磐田もそんな時代からの世代交代に失敗した末に、J1~J2を往復するという立場にまで落ち込んでいるのが現状であり、そのサイクルを絶ち切るか否かという難しい立場の伊藤彰氏。
この日は大井が右センターバックに回り、伊藤槙が中央を務めるという変節を見せた磐田。
川崎への対策の一環か、ないしはレベルの高いJ1かつ大井の年齢故の強度の低下を考慮しての事なのかは不明ですが、左CBに新助っ人のグラッサが入った事もあり斬新に映り。
前半10分にはそのグラッサが、クリアボールを中央で拾いすかさず遠目からミドルシュート(枠外)と積極性を見せます。
現在の川崎の弱点としては、ディフェンスの脆弱さでしょうか。
敗戦はいずれも4失点してのものと脆さが浮き彫りになり、ジェジエウをはじめ車屋・登里といった離脱選手も数多く。
山根・山村がフル回転なうえ、左サイドバックには新人の佐々木が起用・定着するなど、極端に層が薄くなってしまっています。
それを突きたい磐田、チャンスとあれば積極的にフィニッシュに持ち込みたい所。
しかし腐っても鯛というべきか、川崎が攻撃権を支配する苦しい展開を強いられる磐田。
この日は最終ラインが広く距離を取ってのビルドアップを敢行します。
恐らくは中央に有力選手が集まっているという、磐田の布陣を意識しての事でしょうか。
相手のプレッシングにも距離を使わせ、分散とスタミナ削りという目的が窺えました。
家長やレアンドロ・ダミアンの温存もあり、個の力で打開する場面は見られず。
また家長を中心としたパスワークも無いので、サイド奥を崩されてのクロスもあまり無かった(手前からクロスを上げる事が多かった)序盤。
16分には右寄りで受けた小林がエリア内右へスルーパス、走り込んだ遠野がシュートを放つも枠外に。
そんな万全では無い川崎の弱点を突きたい磐田、24分に右サイドのスローインから組み立て、一旦奪われるも遠藤のパスカットで継続。
大森のエリア内右へのパスを、入れ替わって受けた大津が奥からマイナスのクロスを入れ、ディフェンスに当たり方向が変わった所を小川がシュート。
しかしGKチョンソンリョンがセーブと、最後の壁に立ちはだかられます。
川崎の攻撃で、脅威となったのは遠野とマルシーニョのスピード。
2人とも左サイド寄りのポジションというだけでも相当なプレッシャーですが、かつインサイドハーフの遠野が自在に顔を出す事で全方位にダメージを与えんとします。
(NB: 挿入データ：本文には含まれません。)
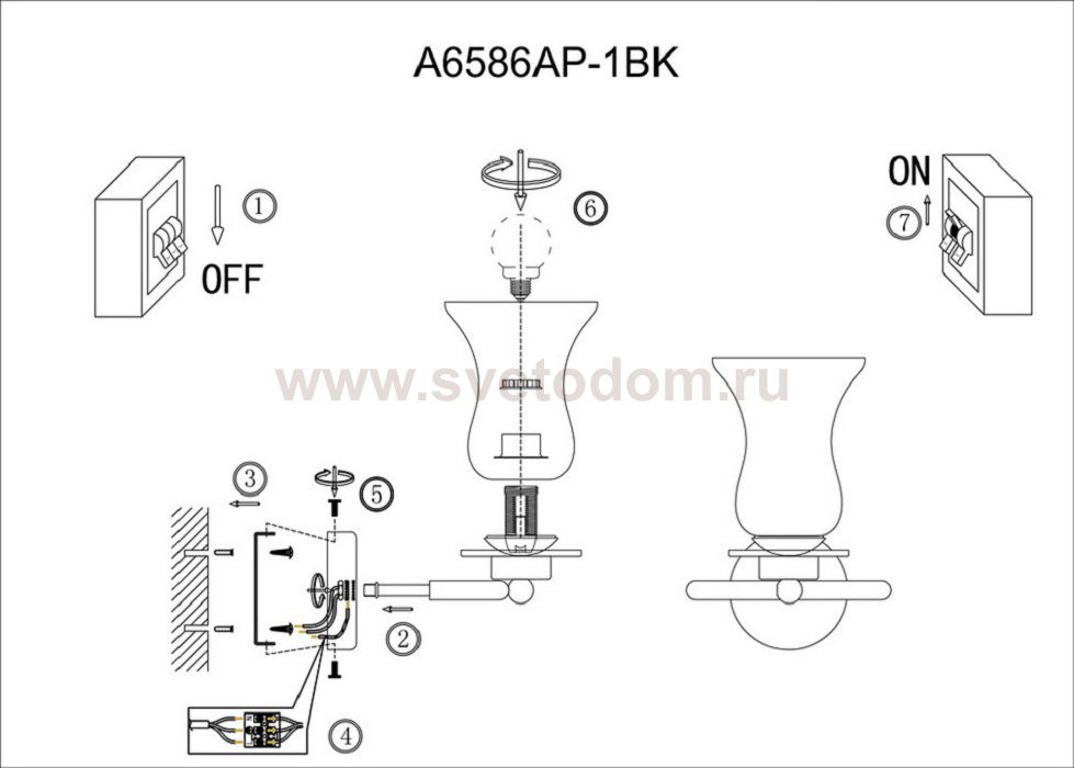 Светильник настенный бра Arte lamp A6586AP-1BK MALIA
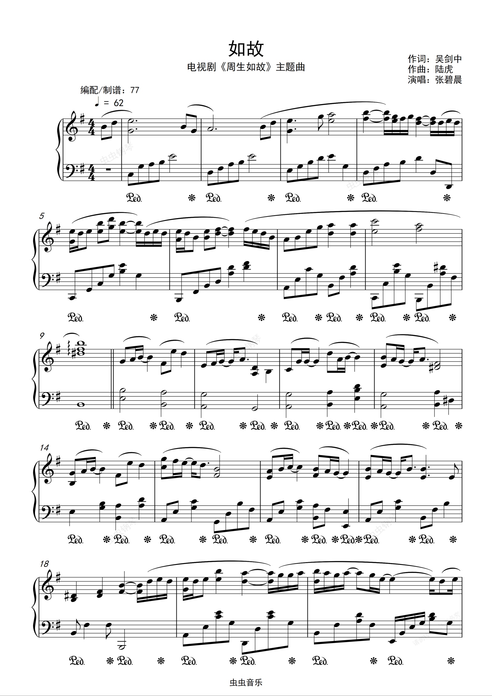 钢琴谱:张碧晨-《如故》电视剧{周生如故}主题曲 钢琴独奏
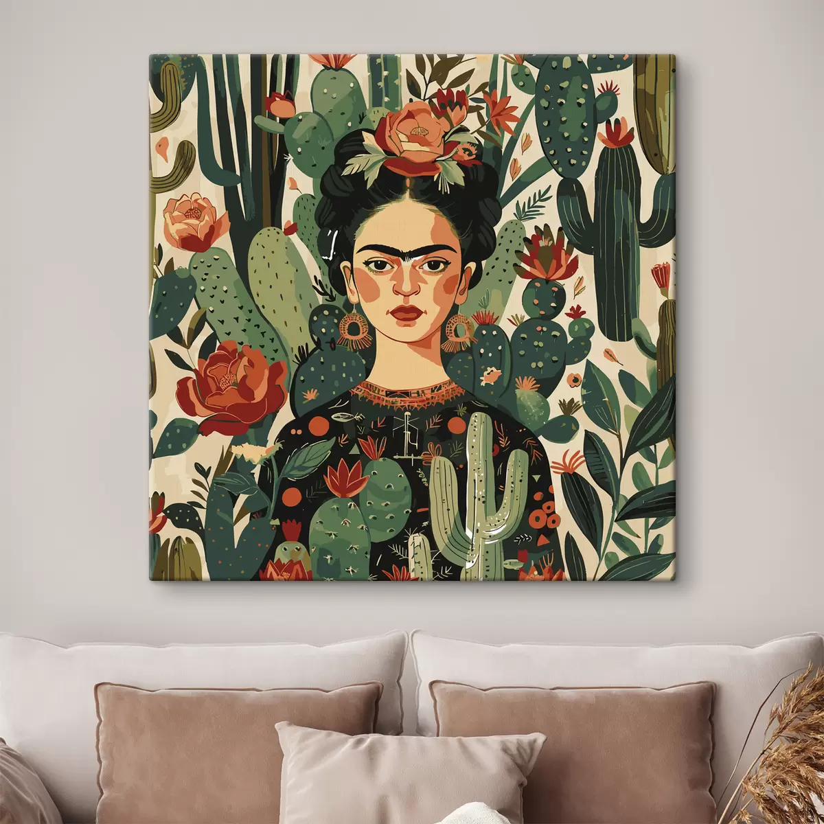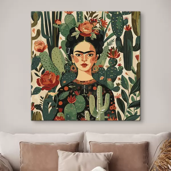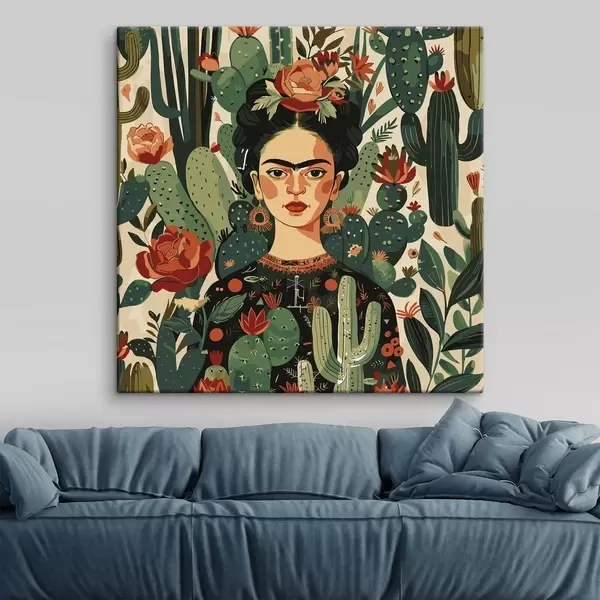 Quadri Frida in stile verde tra i cactus Nr s38415
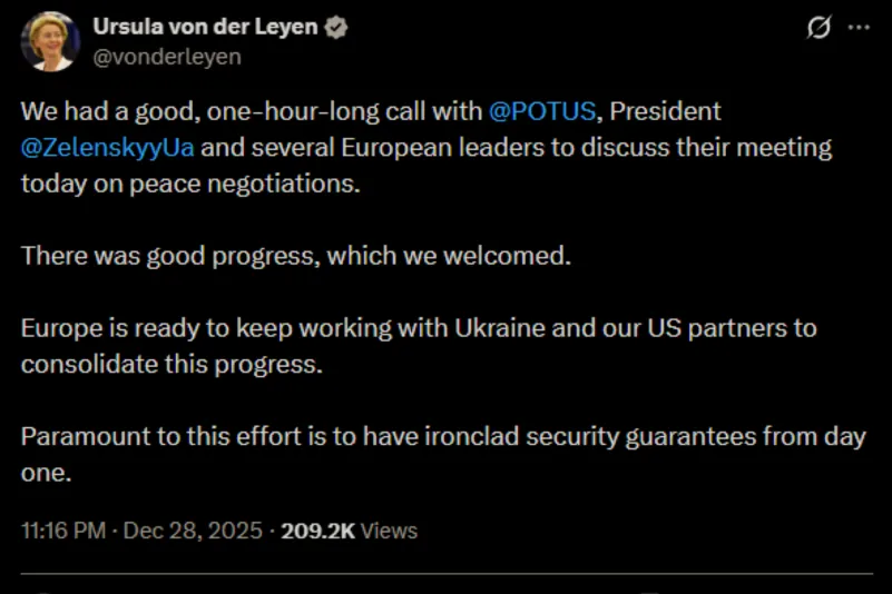 Il presidente della Commissione europea Ursula von der Leyen ha scritto su X: «abbiamo avuto una bella telefonata di un’ora con il presidente Donald Trump e il presidente Volodymyr Zelenskyy e diversi leader europei per discutere del loro incontro odierno sui negoziati di pace. Sono stati registrati progressi significativi, che abbiamo accolto con favore. L’Europa è pronta a continuare a collaborare con l’Ucraina e i nostri partner statunitensi per consolidare questi progressi. Fondamentale per questo sforzo è avere garanzie di sicurezza incondizionate fin dal primo giorno».
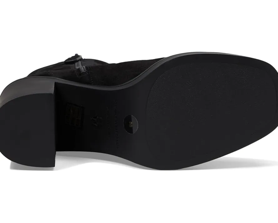 - Showcase classic simplicity with utmost ease wearing the Stuart Weitzman® Bethenny 80 Zip Bootie. The high-top footwear features leather upper with block heel and zippered side closure.
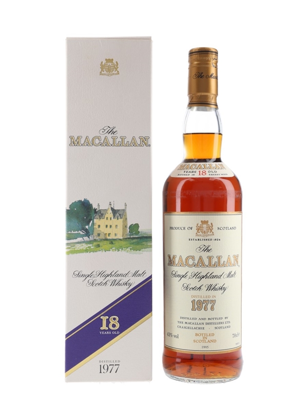 A bottle of The Macallan 18 Year Old Single Highland Malt Scotch Whisky. This was distilled in 1977, matured in sherry casks and bottled in 1995.
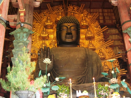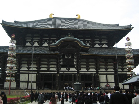 さて、昼食後どうしようかと考えまして、東大寺の大仏様を見に行く事にしました。もう何年振りでしょうか。すっかり皆体格が良くなったので、柱の鼻の穴を抜けられるか、挑戦しようと言う事になりました。

この存在で、時間が進むにつれて攻撃権を独占するに至った川崎。
32分左サイドでマルシーニョのスルーパスを受けた遠野が前進して低いクロス、ニアサイドで知念が頭から跳び込みヘディングシュートを放つも枠を捉えられず。
35分には谷口のロングパスを知念が落とし、遠野のダイレクトでのスルーパスにマルシーニョが走り込み、受けてエリア内からシュートを放ちましたが惜しくもオフサイドとなります。
次第に王者らしい圧力を見せ付ける展開となりますが、それでも磐田は粘り強く得点を与えず。
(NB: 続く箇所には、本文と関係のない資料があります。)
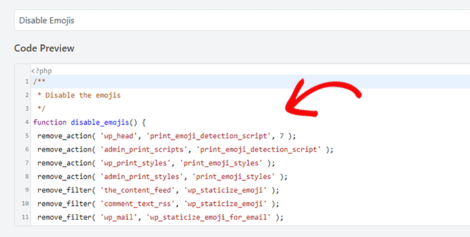Bu yöntem için, WordPress'te emoji desteğini devre dışı bırakmak için özel bir kod parçacığı kullanacağız.
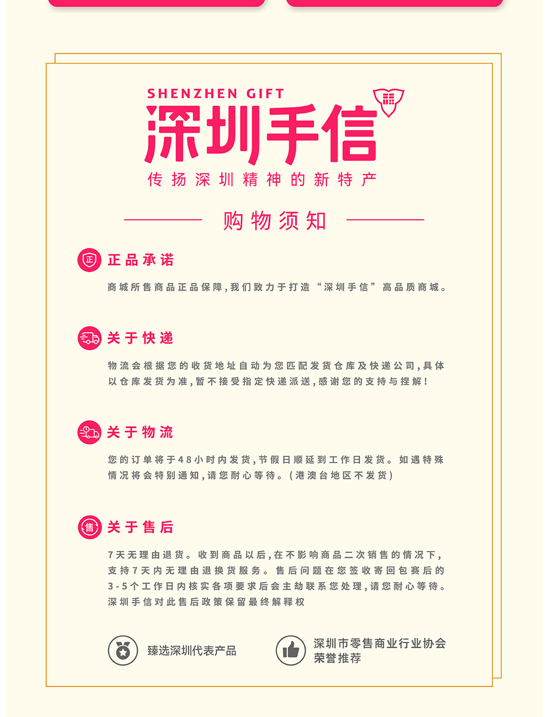 欢迎关注【深圳手信商城】 深圳手信是城市礼品的选购平台,臻选深圳八大优势产业代表产品,深圳市零售商业行业协会推荐。 闭着眼睛挑,每一份都是好礼,是商务往来、旅游出差、走亲访友、员工福利的好礼
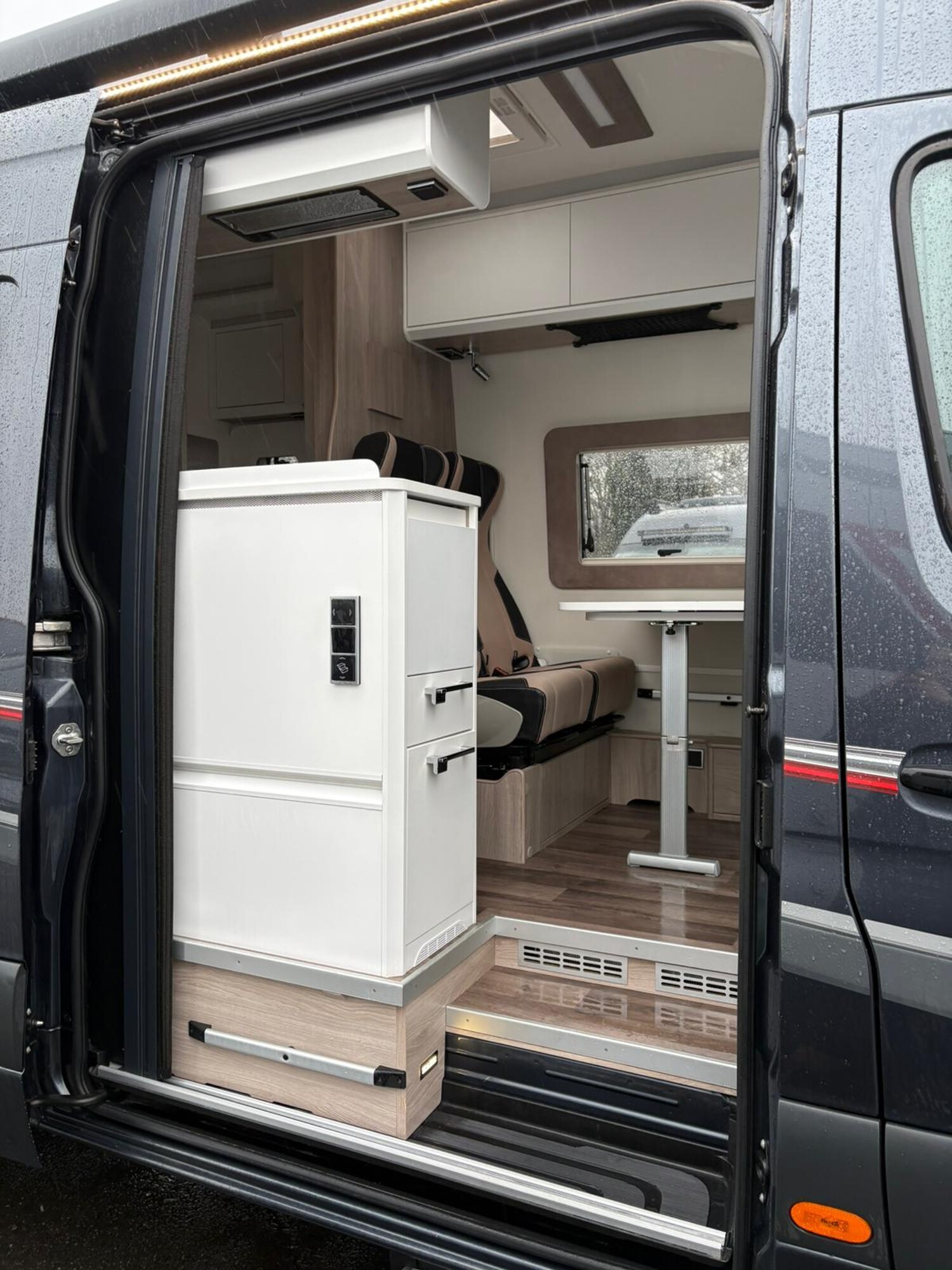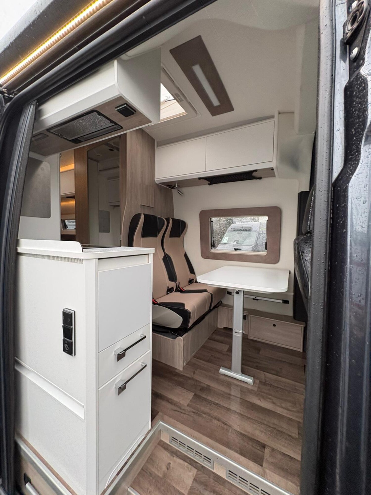 - Küchenzeile mit einem 2-Flammkocher und einer Spüle inkl. Glasabdeckung, Dunstabzugshaube, Schubladen, Stauschränke, Kühlschrank mit Eisfach

勝つ試合でも、前年のような相手を圧倒する力を発揮できない今季の川崎。
この日も例外では無いようで、前半の終盤では山村が右サイドに開き、あたかもSBのような位置を取ってのビルドアップを見せ。
それは新たな形なのか、あるいは得点出来ない苛立ちからなのかという不安を覗かせます。
結局スコアレスのまま前半を終え。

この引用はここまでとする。